Because the operation of the coarse-grained flash translation layer depends on the coarse-grained translation table and the page map table, the system initialization is to construct CGTT. After the construction of CGTT, the page map table can be obtained by the coarse-grained slots of CGTT. In Section 5.3, we propose a method to construct the coarse-grained slots of CGTT, and especially a binary search method is proposed so that the system initialization time can be O(S * log2N ), where S is the number of chunks in flash-memory and N is the number of pages in a chunk. In Section 5.4, a time-predictable analysis for the system initialization time is provided and the relation between the size of main memory and the system initialization time is also discussed in detail.
Data Structure
A Coarse-Grained Slot
The coarse-grained translation table consists of coarsegrained slots, where each slot can provide an address mapping for large chunks, called a segment (e.g., 1MB or above).
Each segment can be defined as a series of contiguous blocks so that we can vary the size of a segment by changing the number of blocks in a segment. Each coarse-grained slot can be defined as a tuple (cg lba, cg pba, cg free1, cg free2, cg seq), cg lba denotes the corresponding logical address of the first page in the segment SEG whose physical address is cg pba. cg free1 denotes an address of the first free page in the segment SEG. cg free2 denotes an address of the last free page in the segment SEG. Note that cg free2 will be used and described in Section 5.2.2. When cg seq is true, it denotes that all corresponding logical addresses of all consecutive written pages in the segment SEG are in sequential order. The purpose of cg seq is to provide fast address mapping and will be described in Section 5.2.2. When a write request (LBA=α) is issued, the corresponding coarse-grained slot slotcg can be retrieved by quickly index-searching the address translation table.
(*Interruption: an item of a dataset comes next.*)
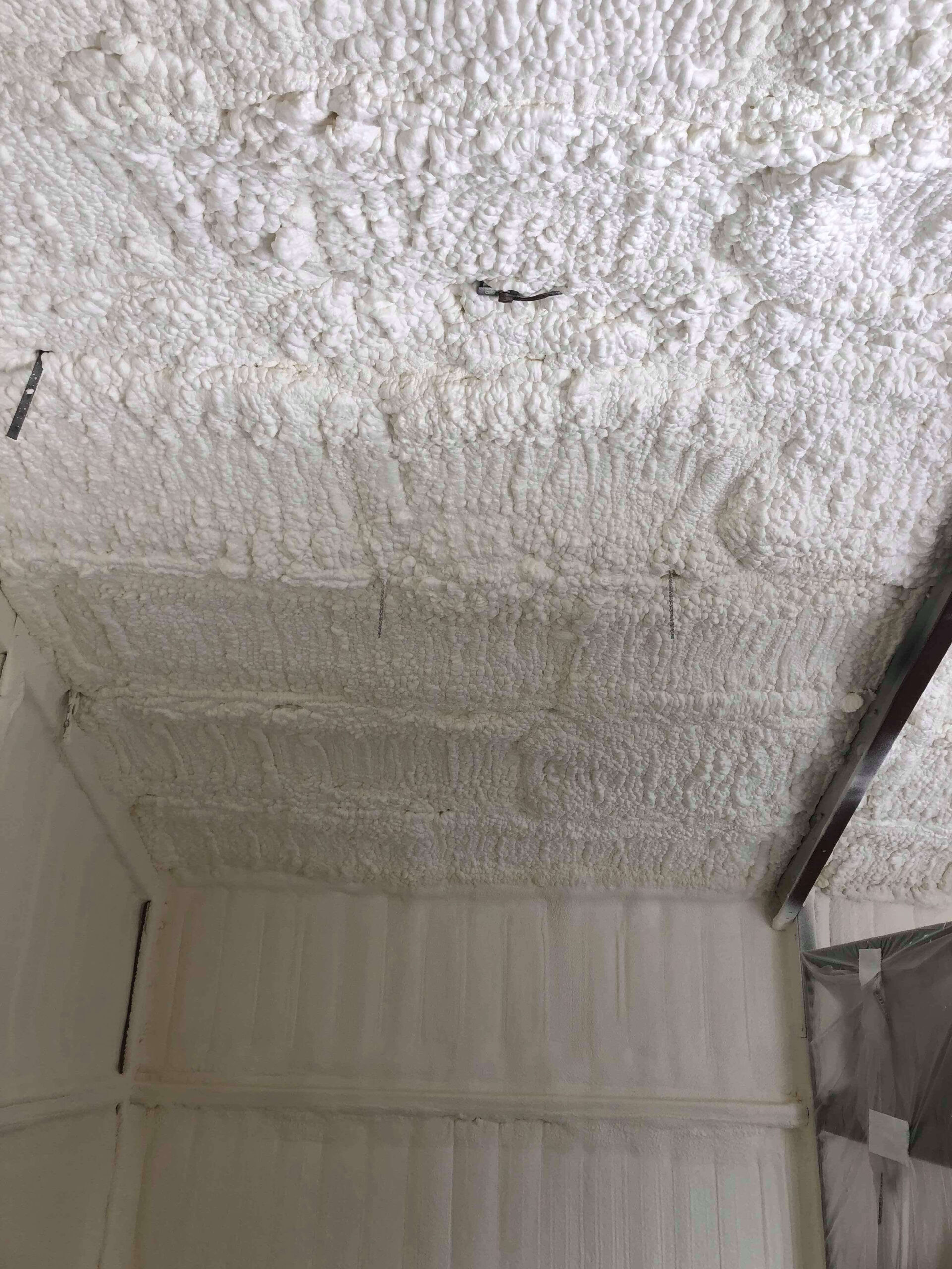 The roof deck was insulated with 6″ of open cell foam insulation, sealing off all ridge, gable and soffit vents. This made the garage air tight, 94% efficient Thermal cap on the garage and preventing moisture and mildew building up in the area.

According to the coarse-grained slots, an address mapping mechanism can be provided and faster system initialization time can be achieved because of large-chunk address mapping. Furthermore, because the garbage collection is to recycle the invalid data, these coarse-grained slots can be used to help the garbage collection distinguish valid data and invalid data. Table   A page map table is to help the fast address mapping from the logical block addresses to the physical addresses because a segment could be a large chunk and linear searching is too time expensive. Each segment should have a corresponding page map table that could be stored in the segment. The page map table consist of entries and each entry contains an offset from the starting logical address of the segment (i.e., cg lba). For example, as shown in Figure 3 , a segment has been written 5 pages and its most-recent page map table can be read from the physical address ((cg free2)-1) , where cg free2 denotes an address of the last free page in the segment. Assume that the logical addresses of the 5 written pages are cg lba+11, cg lba+12, cg lba+13, cg lba+11, and cg lba+14. The first written page (i.e., cg lba+11) becomes an invalid page after the fourth page (i.e., cg lba+11) is written. When a read request (LBA=cg lba+11) is issued, we can locate the most-recent page data (i.e., the fourth written page) by the coarse-grained slots and the page map table. Note that if cg seq is true, it means that all corresponding logical addresses of all consecutive written pages in the segment are in sequential order so that the page map table will not be needed for address mapping. As a result, for most read-only data (e.g., multimedia data or system data), the space for the page map tables can be saved due to the sequential logical addresses of all consecutive written pages.
Page Map
The page map table should be maintained and updated efficiently in the main memory and could be written back to the flash-memory. The page map table is written in an appending fashion to the corresponding segment upwardly from cg free2 and is read from flash-memory if needed. As a result, to maintain the page map table is an overhead that could occupy free pages. For avoiding the page map tables stored in flash-memory grow unexpectedly, the space for the page map tables in each segment should be fixed and the most-recent page map table is always stored at the end of the pre-allocated space (where a cyclic buffer scheme is adopted in the management of pre-allocated space). The operation of the coarse-grained flash translation layer depends on the coarse-grained translation table (i.e., CGTT) and the page map table. During the system initialization, CGTT must be reconstructed. After the construction of CGTT, the page map table can be obtained by the coarsegrained slots (i.e., cg free2). CGTT consists of coarsegrained slots, and each coarse-grained slot is a tuple (cg lba, cg pba, cg free1, cg free2, cg seq). cg lba can be obtained by parsing the spare area of the first page of each segment. cg pba is the physical address of the first page of each segment. cg seq can be obtained by parsing the spare area of the last written page (i.e., before the first free page) after cg free1 is obtained. It is because that when every page is written, cg seq is also written to the spare area of the page and there are still undefined region in the spare area for such purpose. cg free1 and cg free2 can be obtained by locating the first free page and the last free page of each segment. We propose a binary search to search the first free page of each segment (i.e., cg free1). The pseudo code of the binary search is shown in Algorithm 1. Assume that a segment SEG is searched for the first free page and SEG [i] denotes the i-th page. Note that cg free2 can be obtained in the same way. If the space for the page map tables is 2 blocks (i.e., 64 pages), the time complexity for obtaining cg free2 is (log 2 64=6) page reads.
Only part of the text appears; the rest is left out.